Pour citer cet article : Julien Guinart, Le tsar félon,
site L’Insulte (en) politique, uB, UMR CNRS 5605, mis en ligne en décembre 2010, disponible sur : http://www.u-bourgogne.fr/insulteenpolitique
La légende « Ah ! Sire si Votre Majesté pouvait voir seulement aussi loin que le bout de son nez » associée
au nez protubérant qui orne le visage de Ferdinand 1er est un jeu de mot qui cherche à provoquer le rire des
lecteurs. Ce grand nez semble être la caractéristique physique de Ferdinand 1er car elle se retrouve dans les
deux caricatures de l’Humanité et dans celle du Matin. Toutefois, la seconde caricature n’est pas uniquement
dirigée contre le roi bulgare mais à l’ensemble des monarques balkaniques. Derrière chacun des rois
balkaniques se cache en réalité la main de l’Allemagne, représenté par Guillaume II portant son traditionnel
casque à point. Chacun leurs tours, les souverains balkaniques mettent bas les masques révélant leur
véritable nature. La caricature publiée en complément de l’articles « les antécédents du roi félon » reprend
cette idée en représentant le Tzar Ferdinand dans un uniforme allemand décoré de la croix de fer. L’idée de
la traitrise des monarques d’origine allemande de Grèce, de Roumanie ou de Bulgarie n’est pas une
caractéristique de l’Humanité. En effet, le journal d’extrême droite, l’Action française voyant « un
Hohenzollern règne à Bucarest. Le roi Constantin a épousé la sœur de Guillaume II. Ferdinand de Bulgarie,
Saxe Cobourg par la naissance a pour seconde femme une Allemande authentique 1 » dénonce également « le
trust des trônes » mise en place de manière progressive par l’Allemagne. En outre, le roi de Grèce
Constantin, le personnage central, est régulièrement pris à parti dans la presse française qui dénonce son
attentisme voire une germanophilie affichée. Tandis que le souverain de Roumanie, le personnage à droite,
refuse d’engager son pays dans la guerre malgré les appels insistants de l’Entente. La presse française craint
visiblement d’autres trahisons dans une péninsule aux mains de monarques germaniques, Ferdinand 1er
s’étant contenter d’ouvrir la voie à ces voisins. Ces caricatures s’inspirent des accusations portées à
l’encontre du monarque bulgare en exploitant les thèmes de la violence, de la trahison et de l’asservissement
à l’Allemagne.

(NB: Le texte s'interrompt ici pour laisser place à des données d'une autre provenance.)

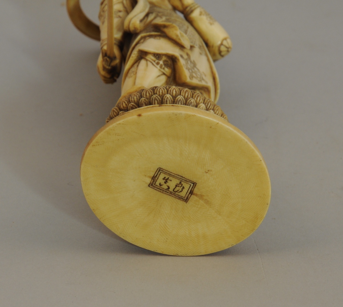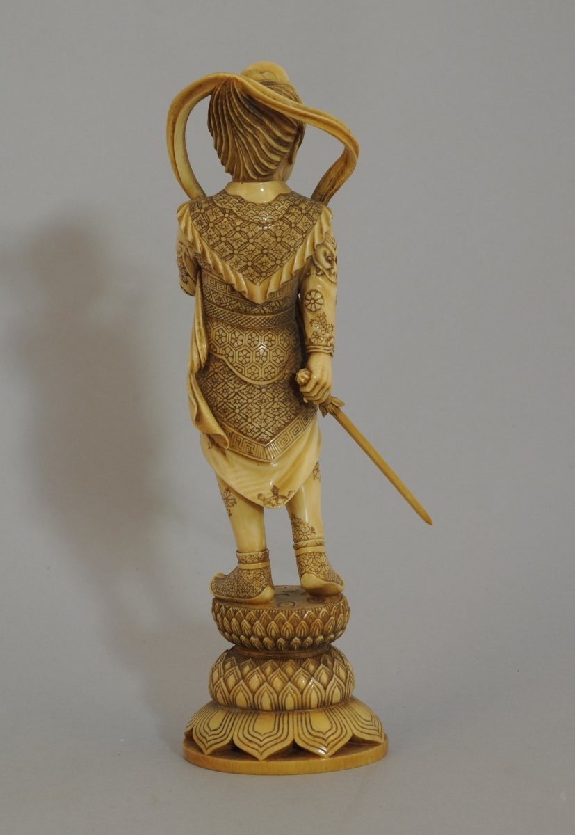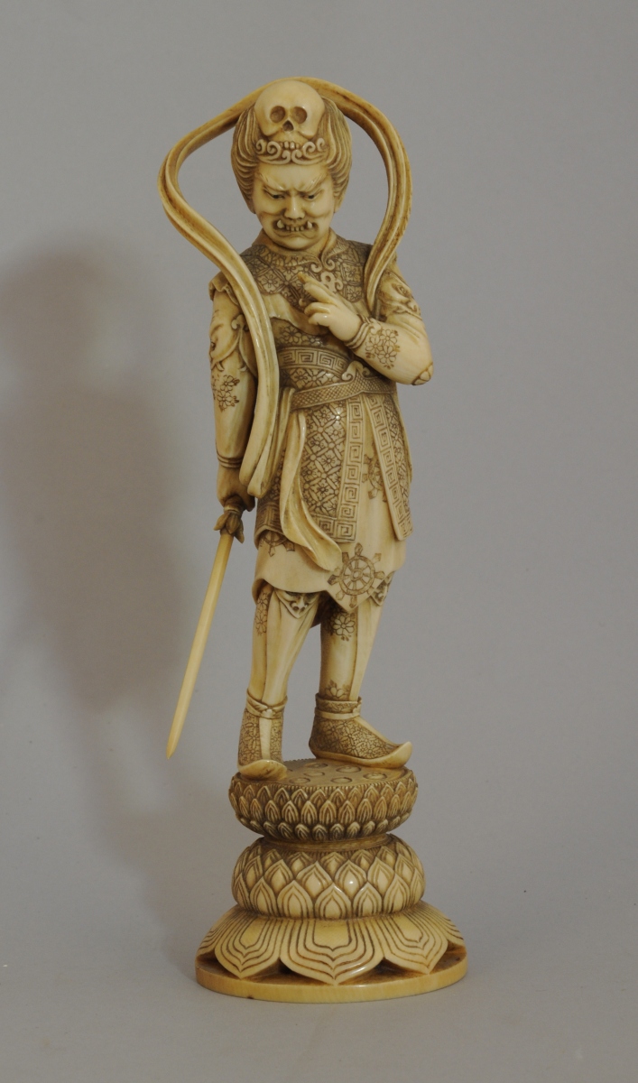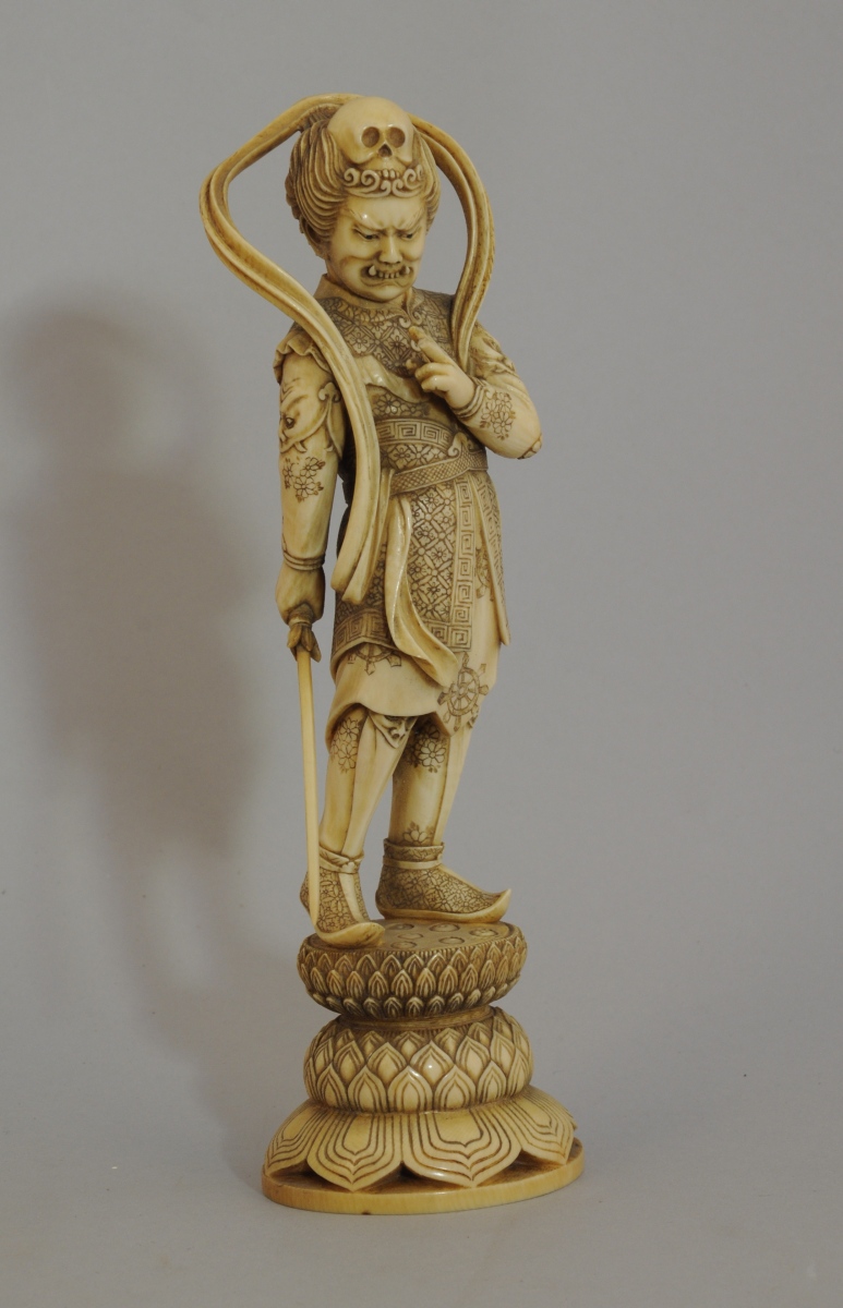 STATUETTE en ivoire sculpté figurant un personnage du théâtre Nô. Coiffé d'un crâne, sa bouche est pourvue de crocs et ses membres d'un masque monstrueux. Il tient un sabre de la main droite et repose sur une fleur de lotus.
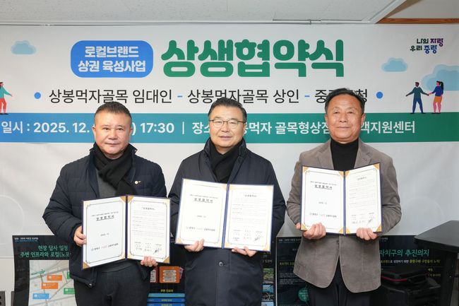 중랑구, 상봉먹자골목 로컬브랜드 상권 육성사업 상생협약 체결.5일 중랑구는 상봉먹자골목 임대인과 상인, 관계자들이 참석한 가운데 ‘로컬브랜드 상권 육성사업 상생협약’을 체결했다고 밝혔다. 협약은 지난 2025년 12월 20일 채결됐다.
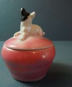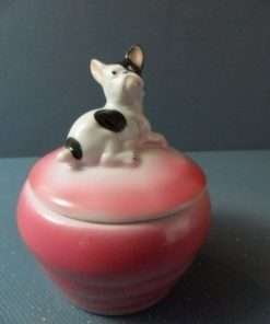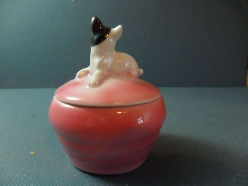This hand painted porcelain box has a sweet french bulldog perched right on top! It carries the Carl Schneider German porcelain mark on the bottom. It is also numbered 6237. Very old and very precious! See full details below.
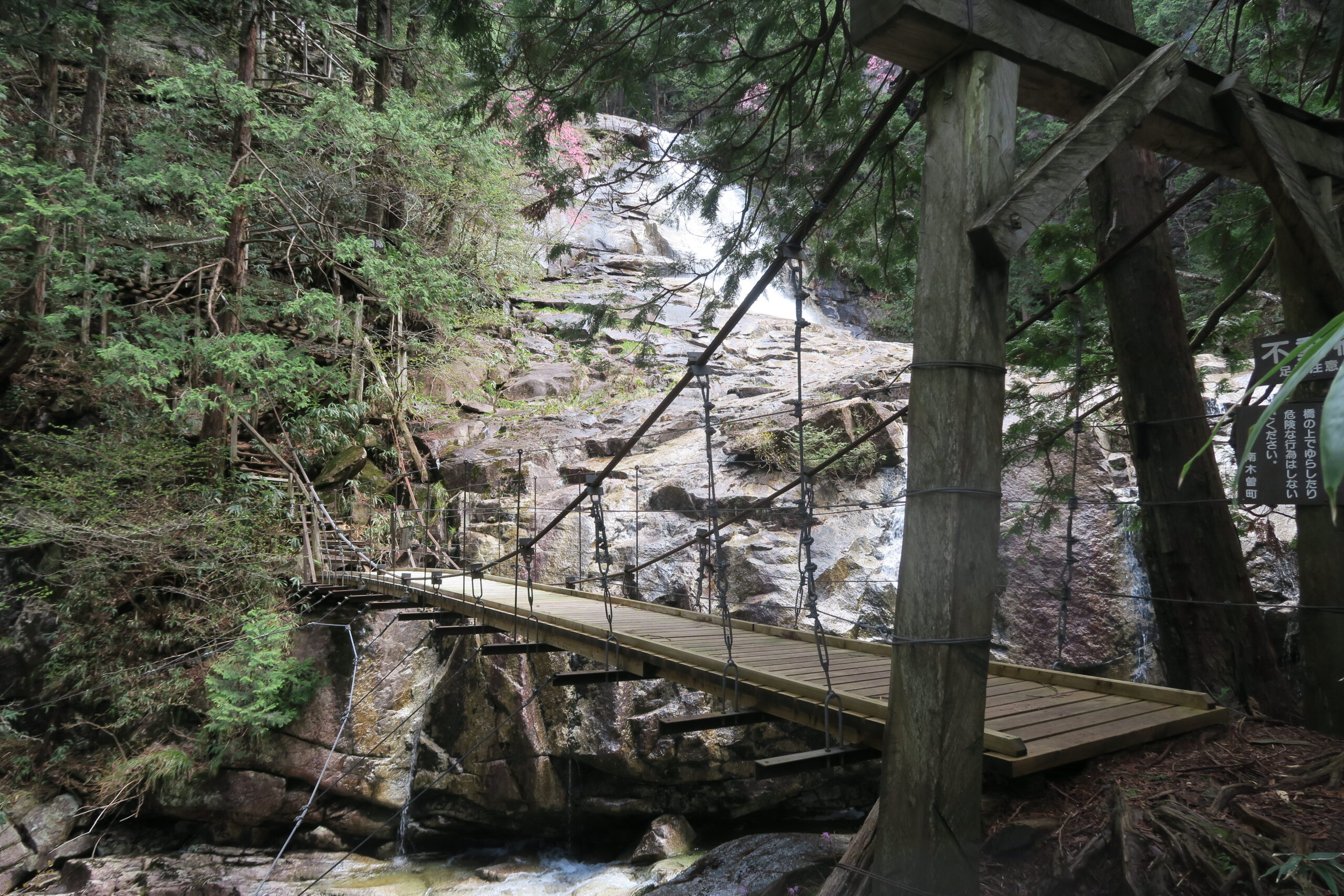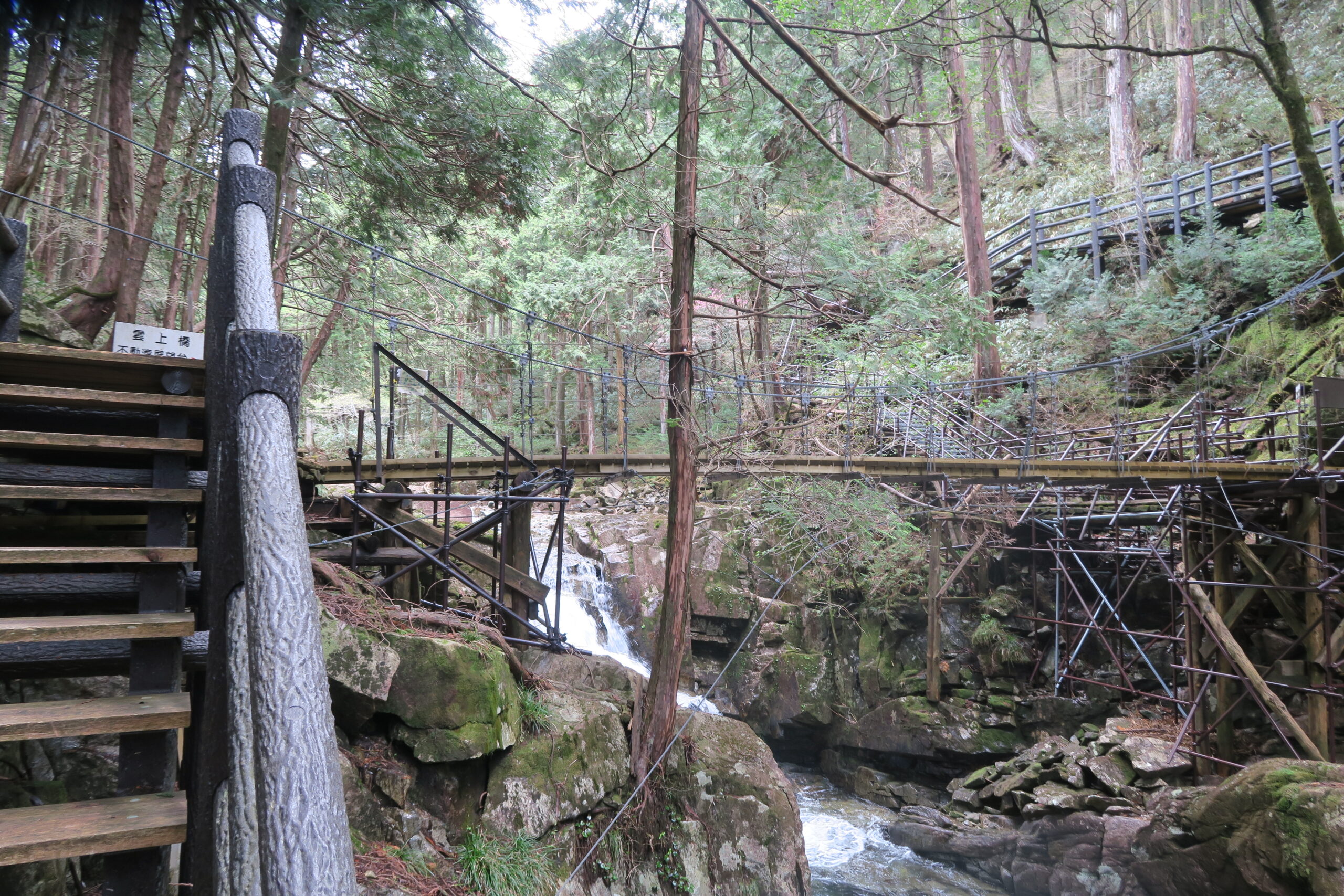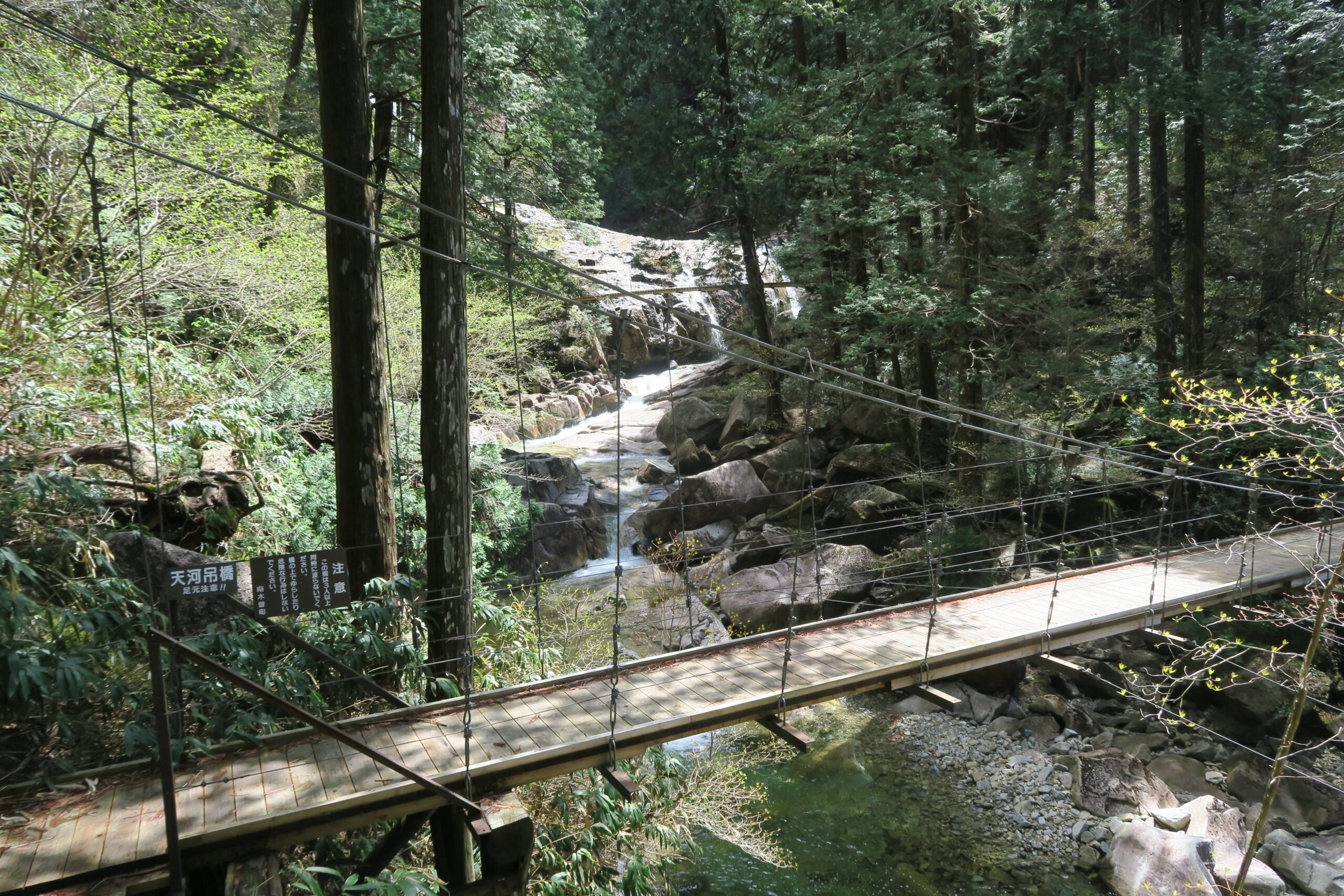 さらに「不動滝」を目指して280m上っていきます。階段も整備され、天河滝の絶壁を横から見ながら上っていくと、天河吊橋に出ます。橋の上から天河滝の天辺を眺めることができます。
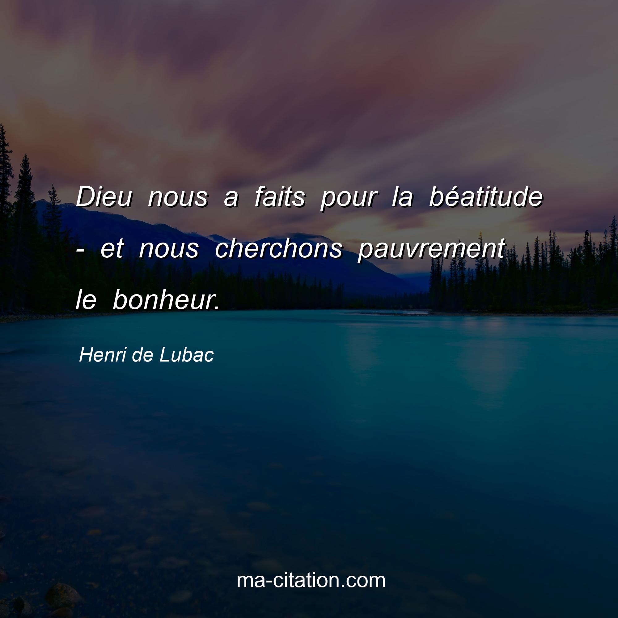 Citation sur la vie de Henri de Lubac :Dieu nous a faits pour la béatitude - et nous cherchons pauvrement le bonheur.
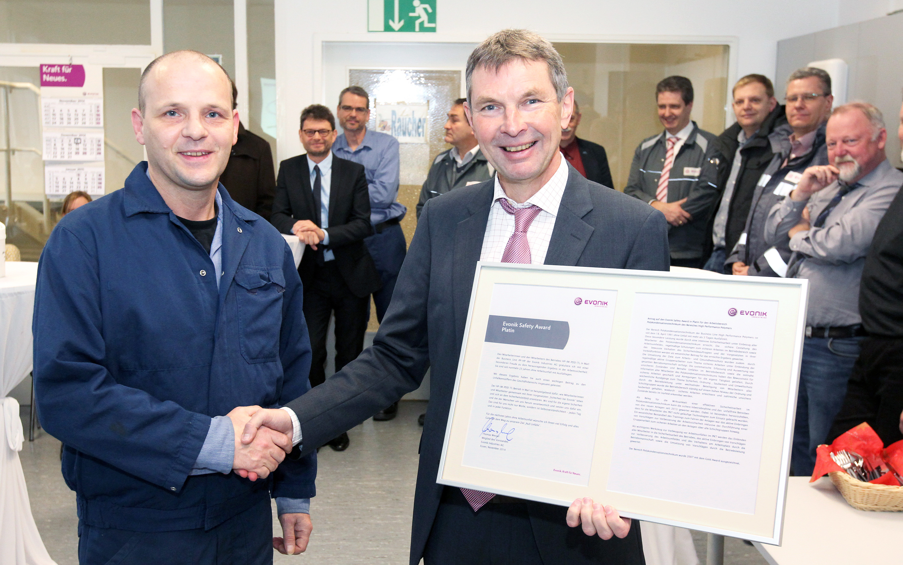 Die verdiente Auszeichnung dafür, den Evonik-Safety Award in Platin, nahm Tagschichtmeister und Sicherheitsbeauftragter Heinz-Georg Fitzlaff von Dr. Rainer Kohlen entgegen. „Hier zeigt sich, dass unser Sicherheitsleitbild wirklich gelebt wird“, stellte der Leiter Arbeits- und Anlagensicherheit im Bereich Corporate Environment & Responsibility fest.

De fait, l’image et la prose se superposent pour dresser le portrait d’un souverain désormais
méprisé et frappé d’indignité.
Dans un contexte de guerre et de mobilisation des esprits contre les ennemis de la nation, la décision de
Ferdinand 1er de rejoindre les puissances centrales le désigne comme une cible de choix pour la propagande
de l’Entente. La presse française mobilise une large gamme d’outils pour dénigrer son nouvel adversaire : la
dévalorisation physique, la ridiculisation du personnage, la mise en avant de sa fourberie, sa violence et enfin
de sa bêtise. Cette campagne stigmatise l’ennemi mais tend aussi à cacher la défaite diplomatique de
l’Entente. En effet, l’entrée en guerre de la Bulgarie est un rude coup porté à l’alliance dans les Balkans
scellant le sort de la Serbie et éloignant un peu plus l’entrée en guerre de la Roumanie et de la Grèce. Cet
échec justifié par la trahison du roi occulte ainsi l’incapacité des alliées à s’imposer dans la péninsule. En
outre, la ridiculisation de l’adversaire limite le danger que représente l’apparition d’un nouvel adversaire
pour l’Entente et permet de limiter l’impact de cette défaite sur le moral de la population. Ainsi, dans une
guerre où la victoire repose sur la mobilisation totale de la société, l’insulte est une arme de choix dans
l’arsenal de la propagande des pays belligérants.
1. L'Action française du 09/10/1915.